Sue Shrode and Eastern Leanings

In several important ways, the conservation of Eastern Leanings preserves not only Eastman’s contribution to our Goldman-Kuenz Sculpture Park, but also the legacy of Mt. Vernon native Marejon Sue Shrode.

As part of Cedarhurst’s Kimball’s Habitat conservation initiative, we are painting Eastern Leanings. We have a new concrete platform to place it on and keep it out of water. The paint color, a dark blue, was chosen based on some of Eastman’s panel having a similar color.

John Patrick “Rico” Eastman (1952-2012) created Eastern Leanings in 2000. Eastman was known for his architectural abstractions made form interlocking sheets of steel. A graduate of Rhode Island School of Design and Arizona State University, Eastman was an accomplished metalsmith. Eastman was also a musician who played in several bands. His work is found today in many collections.

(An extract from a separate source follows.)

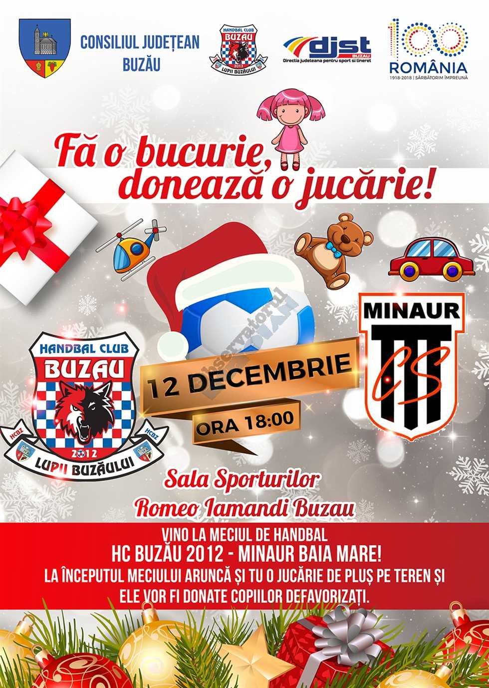În acest sens la ultimul meci de handbal disputat pe teren propriu în acest an de către HC Buzău 2012 în compania echipei Minaur Baia Mare spectatorii sunt invitați să aducă câte o jucărie de pluș pe care să o arunce în trenul de joc. De asemenea pentru cei care nu pot ajunge la meci și au posibilitatea de a dona jucării și hăinuțe la Sala Sporturilor „Romeo Iamandi” a fost organizat un punct de colectare pentru ca astfel darurile oferite de buzoieni să ajungă mai repede la copiii mai puțin norocoși din întreg județul.

Eastern Leanings was a favorite sculpture of Cedarhurst benefactor Sue Shrode (1924-2017) who gifted the sculpture to Cedarhurst in 2009.

Sue Shrode’s fondness for Eastern Leanings reaches back to her days in Santa Monica where as a young clay phenom, she was surrounded by Southern California rich in Asian American culture. Sue had met and worked with the Japanese master ceramic artist Shoji Hamada. Sue and her friend Jane Heald were chosen by Bernard Leach to be Hamada’s assistants in the 1952 workshop at Mills College in Oakland, California. One can see the influence in her art.

Sue created a photographic digital collage in 2003 that featured the entire sculpture of Eastern Leanings. Prominent is the signature upturned roof of Chinese/Japanese architecture. Sue puzzled together several layers of Asian images. In the background is what appears to be a late Shang Chinese bronze vessel. On the left side of the sculpture Sue placed an image of the artist Sharaku’s 1794 woodblock print, Otani, a Kabuki actor. On the right side’s curving wall, Shrode skillfully counterpoised an image of a woman reading in Utamaro’s 18th c. woodblock, Flower Fan. Below the sculpture, a curious pair of as yet unidentified braided cords loop in symmetry. Most haunting of all is the mysterious and ghostly image of a modern day Guy Fawkes mask– a contemporary symbol of social protest. Sue’s title “shogun” refers to the military governor and de facto ruler in feudal Japan.

What, blog readers, are we to make of this thoughtful work of art by the most important artist to ever come from Mount Vernon?